▶ _TASK TO COMPLETE_: Quote all lines below exactly. Images stay out.

▶ _INFORMATION SHOWN_:
::::::

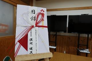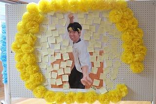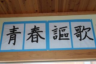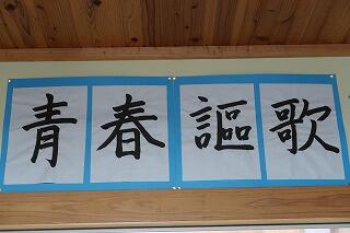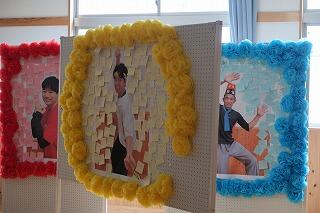 多数の祝詞が届き、体育館の後方の壁に掲示してあります。
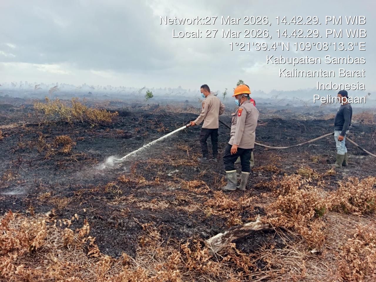 Kapolres Sambas, AKBP Wahyu Jati Wibowo, S.I.K., S.H., M.H., melalui Kapolsek Jawai, Iptu Beni Agus Trianto, SH mengatakan bahwa titik api terpantau di satelit NASA-NOAA20 pada Jum at 27/3/2026, sekitar pukul 10.14 WIB. Lokasi titik api berada di Desa Parit Setia dan Desa Pelimpaan Kec. Jawai dengan luas areal terbakar sekitar ± 2 s/d 3 Hektar.
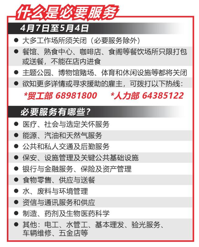 (早报讯)必要服务如医疗、社会服务、金融服务等将继续营业,一些指定服务如理发店(只能剪发不能烫发)、洗衣店和电梯维修等照常。本地银行会限制开放的分行数量。所有景点、主题公园、博物馆和赌场等将关闭。
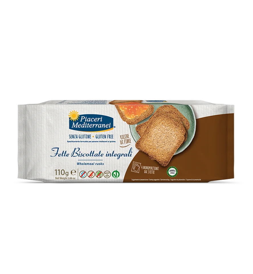 Fette Biscottate Integrali od Piaceri Mediterranei jsou křupavé celozrnné bezlepkové křupavé chlebíky (topinky), které kombinují chuť a výživu. Obsahují celozrnnou rýžovou a pohankovou mouku, což zajišťuje vysoký obsah vlákniny a příjemnou texturu. Díky praktickému balení po třech plátcích jsou ideální na cesty nebo do práce.

::::::

▶ _SOLUTION TO THIS EXERCISE_:
 多数の祝詞が届き、体育館の後方の壁に掲示してあります。
 Kapolres Sambas, AKBP Wahyu Jati Wibowo, S.I.K., S.H., M.H., melalui Kapolsek Jawai, Iptu Beni Agus Trianto, SH mengatakan bahwa titik api terpantau di satelit NASA-NOAA20 pada Jum at 27/3/2026, sekitar pukul 10.14 WIB. Lokasi titik api berada di Desa Parit Setia dan Desa Pelimpaan Kec. Jawai dengan luas areal terbakar sekitar ± 2 s/d 3 Hektar.
 (早报讯)必要服务如医疗、社会服务、金融服务等将继续营业,一些指定服务如理发店(只能剪发不能烫发)、洗衣店和电梯维修等照常。本地银行会限制开放的分行数量。所有景点、主题公园、博物馆和赌场等将关闭。
 Fette Biscottate Integrali od Piaceri Mediterranei jsou křupavé celozrnné bezlepkové křupavé chlebíky (topinky), které kombinují chuť a výživu. Obsahují celozrnnou rýžovou a pohankovou mouku, což zajišťuje vysoký obsah vlákniny a příjemnou texturu. Díky praktickému balení po třech plátcích jsou ideální na cesty nebo do práce.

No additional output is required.